Profesör sorusunu yineler ve öğrenci yine “Evet efendim” diye cevaplar.
Profesör devam eder.
“Eğer her şeyi yaratan Tanrı ise, şeytan var olduğuna göre şeytanı da Tanrı yaratmış olur. Çalışmalarımızda uyguladığımız kesinleştirme prensibine göre de Tanrı şeytandır.”
Öğrenci böyle bir önerme karşısında şaşırır ve yerine oturur.
Bu arada başka bir öğrenci ayağa kalkar ve “Bir soru sorabilir miyim profesör?” der.
Profesör sorabileceğini söyler.
Öğrenci “Soğuk var mıdır?” diye sorar.
Profesör; “Nasıl bir soru bu böyle, tabii ki vardır” diye cevaplar. “Sen hiç soğuktan üşümedin mi?”
Öğrenci “Aslında, fizik yasalarına göre soğuk yoktur; yaşamda/gerçekte biz soğuğu sıcaklığın yokluğu olarak düşünürüz. Herkes veya nesneler o enerji oradaysa veya bir şekilde enerji iletiyorsa onu deneyimler. Örneğin, Absolute 0 (-273 derece C) sıcaklığın kesin yokluğudur. Soğuk yoktur, o yalnızca sıcaklığın yokluğunda duyumsadıklarımızı tarif etmek için yarattığımız bir kelimedir” der ve devam eder.
“Profesör, karanlık var mıdır?”
“Tabii ki vardır.”
“Korkarım gene yanılıyorsunuz efendim. Çünkü karanlık da yoktur. Yaşamda/gerçekte karanlık, ışığın yokluğudur. Biz ışık üzerinde çalışabiliriz ama karanlığı çalışamayız. Gerçekte, biz Newton'un prizmasını kullanarak beyaz ışığı kırar ve renklerin çeşitli dalga uzunlukları üzerinde çalışabiliriz. Ama karanlığı ölçemeyiz. Bir basit ışık karanlık bir mekânı aydınlatarak karanlığı kırmış olur yani karanlığı geçersiz kılar. Siz belli bir mekânın/uzayın ne kadar karanlık olduğundan nasıl emin olursunuz? Işığın miktarını ölçerek! Bu doğrudur değil mi? Karanlık insanlık tarafından, ışığın olmadığı yer/mekân için kullanılan bir kelimedir. O zaman size son bir soru daha sormak isterim, efendim. Şeytan var mıdır?”
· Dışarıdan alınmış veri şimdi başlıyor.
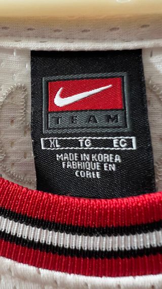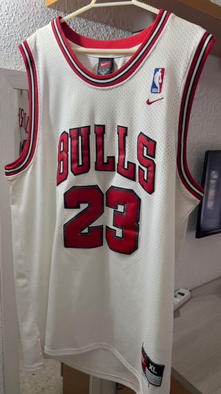 Camiseta de baloncesto Jordan de los Chicago Bulls con el número 23. - Diseño a rayas rojas. - Cuello y sisas con ribete blanco y rojo. - Inscripción CHICAGO en la parte frontal. - Número 23 en la parte frontal.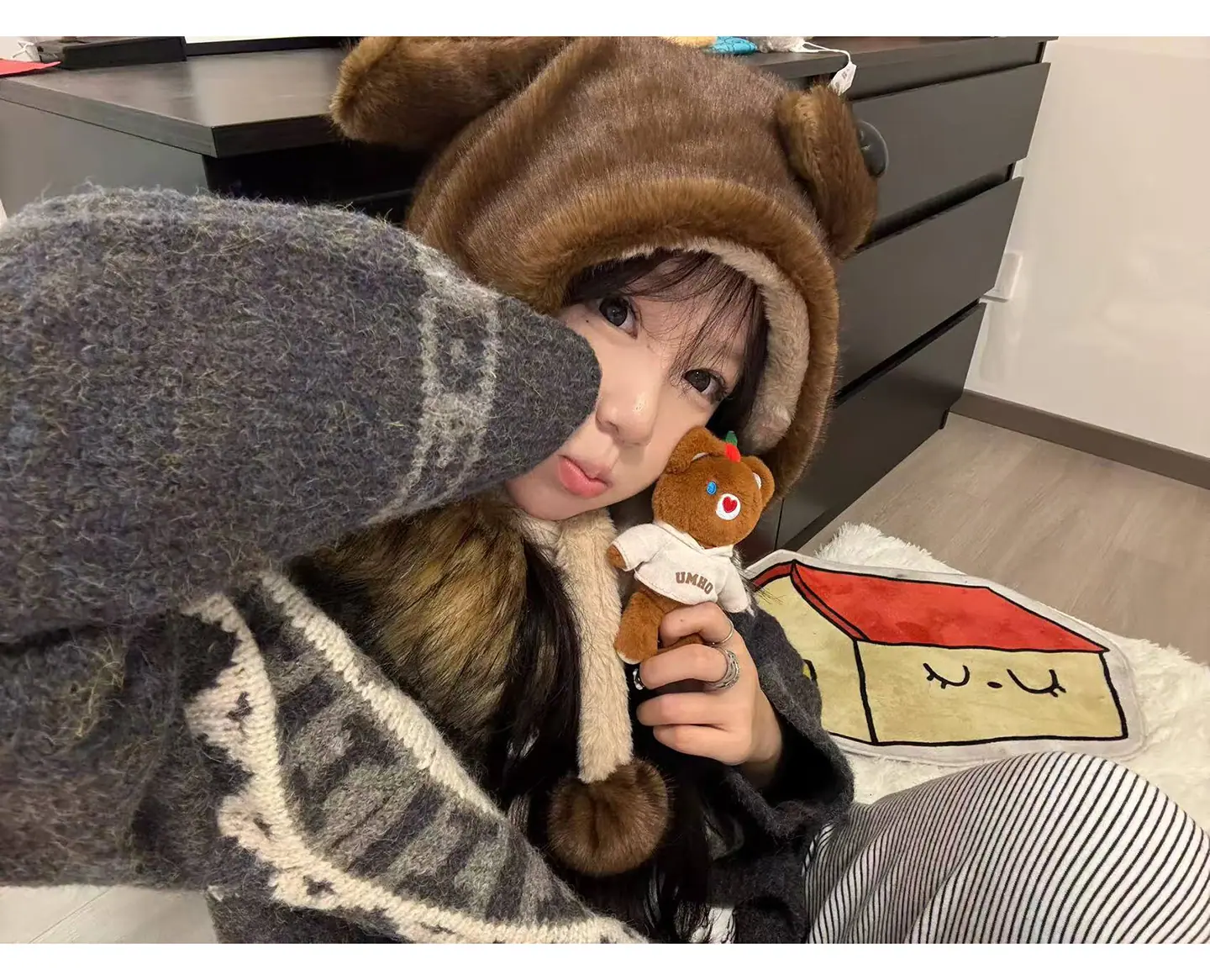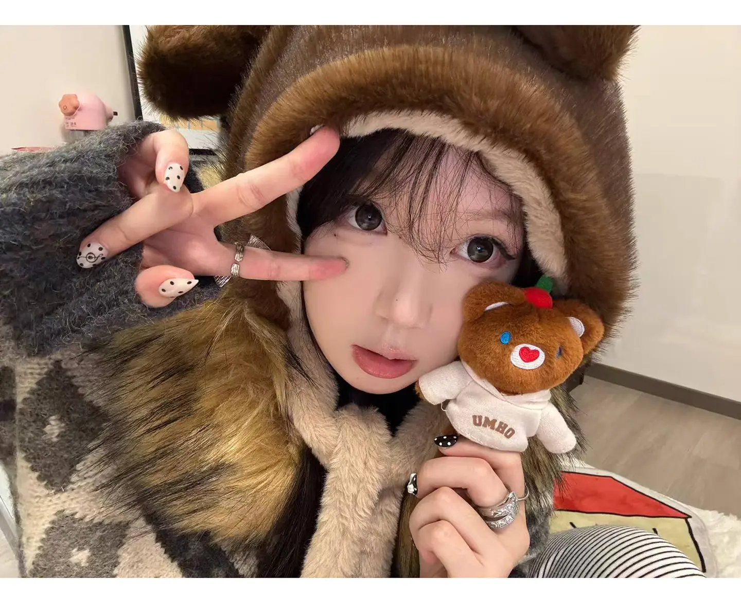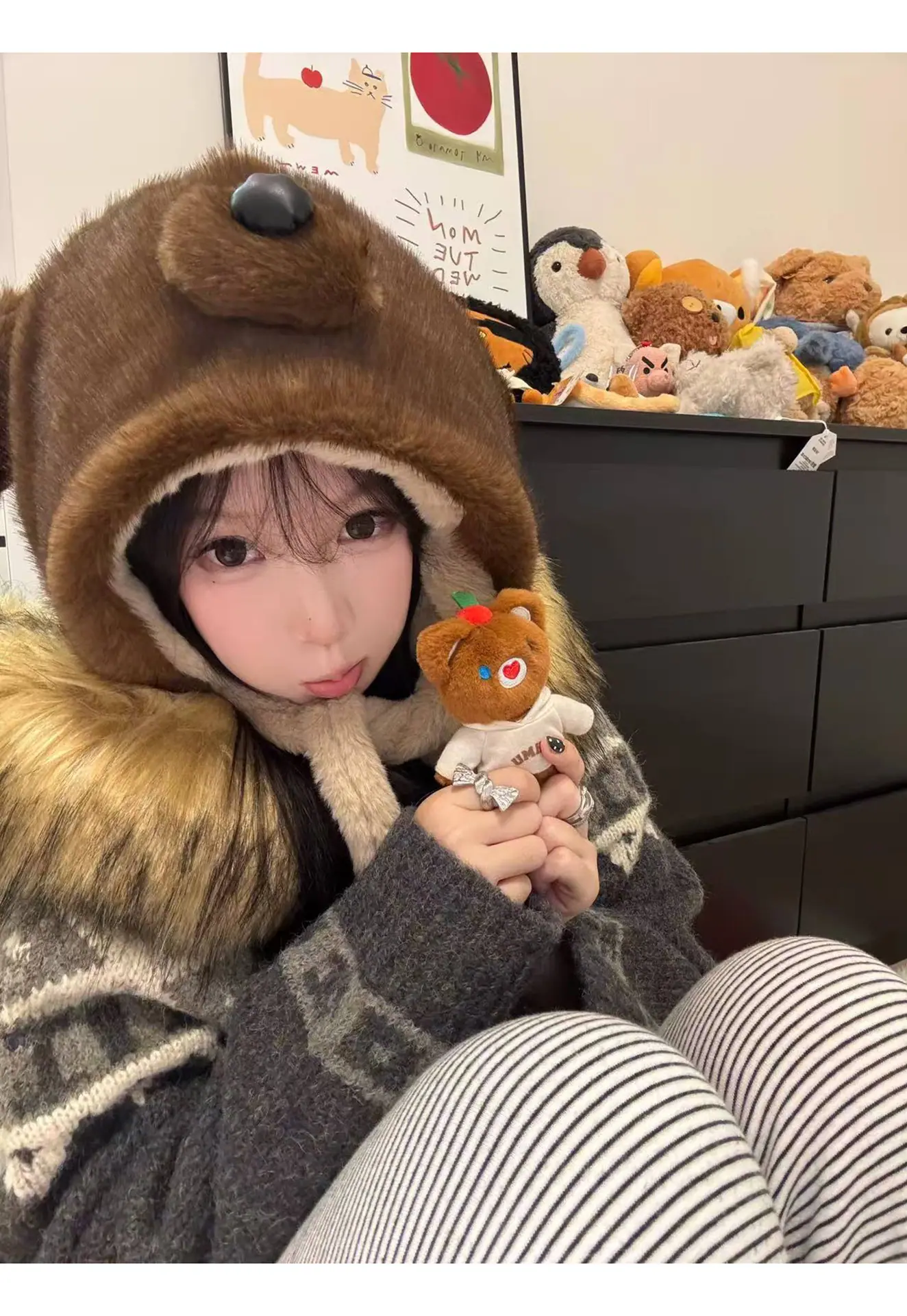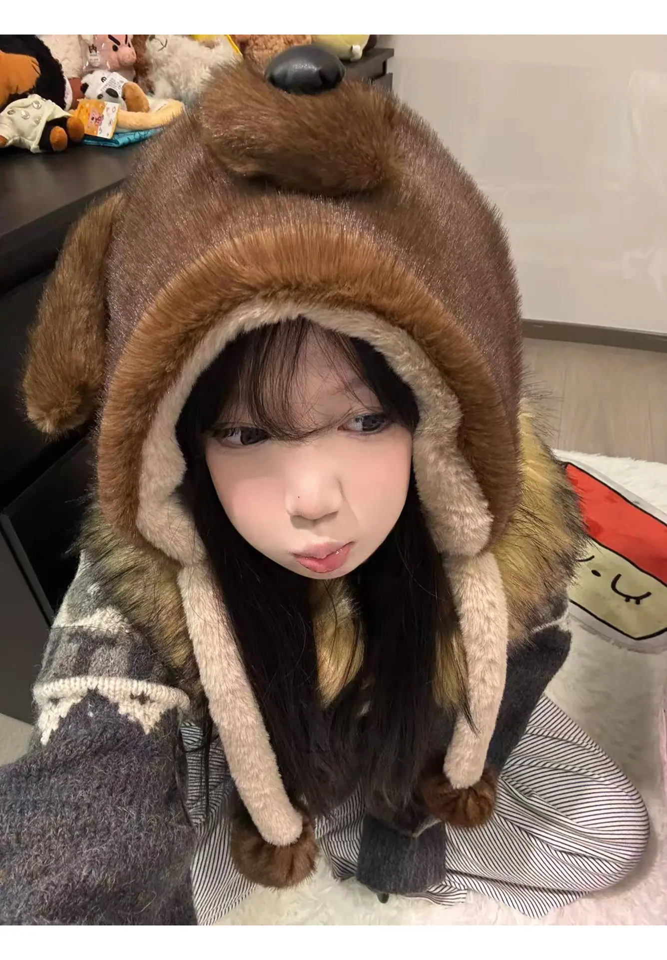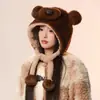 Lindo Sombrero de Felpa de Mapache Marrón de Dibujos Animados para Mujer 2025 Nuevo Otoño e Invierno Cálido a Prueba de Frío Sombrero Lei Feng Orejeras

Bu kez profesör pek emin olamamakla birlikte cevaplar..
“Tabii vardır. Açıkladığım gibi, biz onu her gün, her yerde görürüz. O, dünyadaki işlenmiş tüm suçlarda, şiddette yer alır. Bunların tümü şeytanın kendisinden başka bir şey de değildir.”
Öğrenci itiraz eder.
“Şeytan yoktur efendim. Yani o kendi başına yoktur. Şeytan basit olarak Tanrı'nın yokluğudur. O aynen karanlık ve soğukta olduğu gibi insanın Tanrı'nın yokluğunu tarif etmek üzere yarattığı bir kelimeden ibarettir. Tanrı şeytanı yaratmadı. Şeytan/kötülük insanın tanrısal sevgiyi yüreğinde hissetmediği zaman yaptıklarının bir sonucudur. O, aynen sıcaklığın olmadığı yere gelen soğuk, ya da ışığın olmadığı yere gelen karanlık gibidir.”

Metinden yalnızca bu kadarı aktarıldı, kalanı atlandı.